Picasso und ich

Als ich in der Picasso-Ausstellung bin, fällt mir wieder ein, dass ich die Moderne eigentlich nicht mag. Ich bin nämlich gar nicht so sehr für unmittelbaren Ausdruck, kraftvolle Farben, eine Feier des Lebens, und was die Kunstkritik sich alles so hat einfallen lassen, um das Kunstschaffen seit 1900 zu beschreiben. Ich habe ein echtes Faible für die zarten, transparenten Himmel des Rokoko, die duftenden Bäume Lorrains und die warme Haut, unter der das kühle Herz dieses intimsten der europäischen Zeitalter schlägt. In Hamburg habe ich letztlich eine Gainsborough-Ausstellung gesehen, die ich mochte, aber hier laufe ich durch den aufgebrochenen Körper der Jacqueline Picasso und versuche Sohn F. zu erklären, was die Moderne einmal war.
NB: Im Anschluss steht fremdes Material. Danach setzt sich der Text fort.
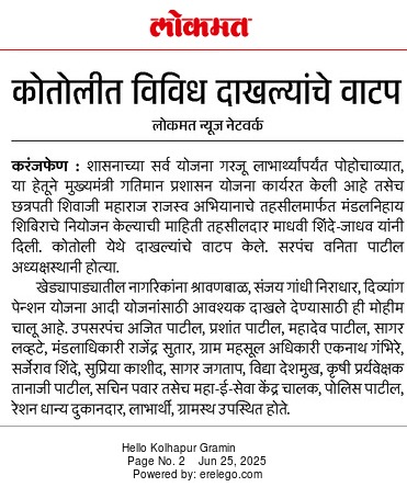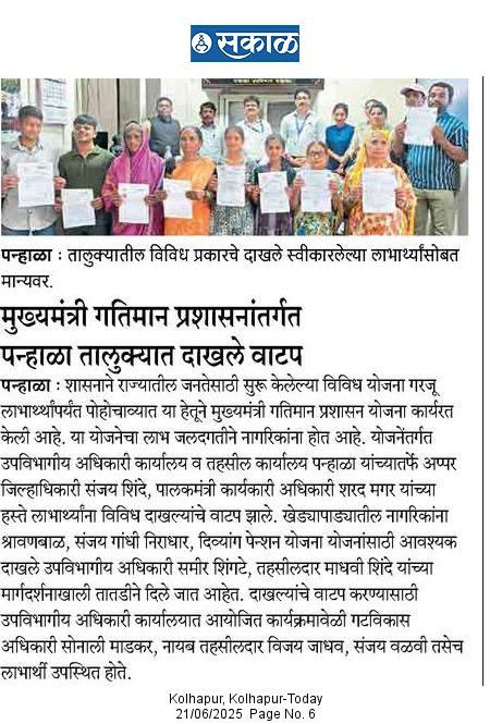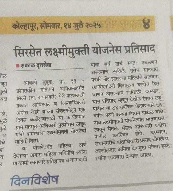 मुख्यमंत्री प्रशासकीय गतिमानता अभियानाअंतर्गत मौजे कसबा वाळवे मंडळांतर्गत छत्रपती शिवाजी महाराज महाराजस्व समाधान शिबीर अभियाना अंतर्गत या शिबीरामध्ये वाळवे मंडळाअंतर्गत येणा-या लाभार्थ्यानां उत्पन दाखले वाटप, विदयार्थ्यानां शैक्षणिक दाखले वाटप, फेरफार नोंदी निर्गत केल्या, फार्मर आय डी, ॲग्रीस्टॅक, संगायो व इंगायो लाभार्थी यांना मंजुरीचे पत्र वाटप केले.

Es ist schrecklich voll, außer uns sind alle Bewohner Potsdams und Berlins da. Die Einwohnerschaft Potsdams zerfällt von Jahr zu Jahr mehr in zwei Teile, einen, der blässlich und missgestimmt ist und an den irgendwie verformten Körpern bunte Kleidung aus Kunstfasern trägt, und einen, der aussieht wie Alexander Gauland. Ja, einen dritten, gutaussehenden und sympathischen Teil gibt es auch noch, das ist meine Freundin J. Und ihr Mann.

Ich würde mich ganz gern mit der J. unterhalten, weil mein Leben gerade sehr aufregend ist und ihrs auch. Man fürchtet ja mit 17, das Leben sei quasi zu Ende, wenn man mal 30 oder älter und mit der Suche nach dem Mann fürs Leben fertig sei. Dass man einen Beruf auch deswegen hat, um sich auch ab 30 nicht zu Tode zu langweilen, sagt einem ja keiner. Leider ist hier inmitten von mehreren Hundertschaften Menschen nicht daran zu denken, meiner Freundin von den aufregendsten Seiten meines Lebens zu erzählen, außerdem wird Sohn F. irgendwo zwischen Stierbildern und Frauenbildern schlecht. Der J. geht dann mit Sohn F. ein paar Runden zwischen den historischen Gebäuden herum, die der F. für eine Zeitung fotografiert, die er in einer einzigen Ausgabe textet, bebildert und verkauft. Dann steigt der J. in unser Auto und fährt davon. Sohn F., der ungern Auto fährt, und ich bleiben zurück.

Im Café Kaiserwetter sitzen wir irgendwann zwischen Blumen und Törtchen und Sesseln in Pastell. Ich erzähle Sohn etwas über die Farben des Rokoko, über Friedrich II, über Fragonard und die Sitte, sich die Haare zu pudern, damit man alt aussieht, und plaudere mit meiner Freundin und ihrem Mann. Dann fahren wir heim. Ich bin, denke ich, und schaue in die Wälder rechts und links der Strecke: Ich bin der Moderne abhanden gekommen.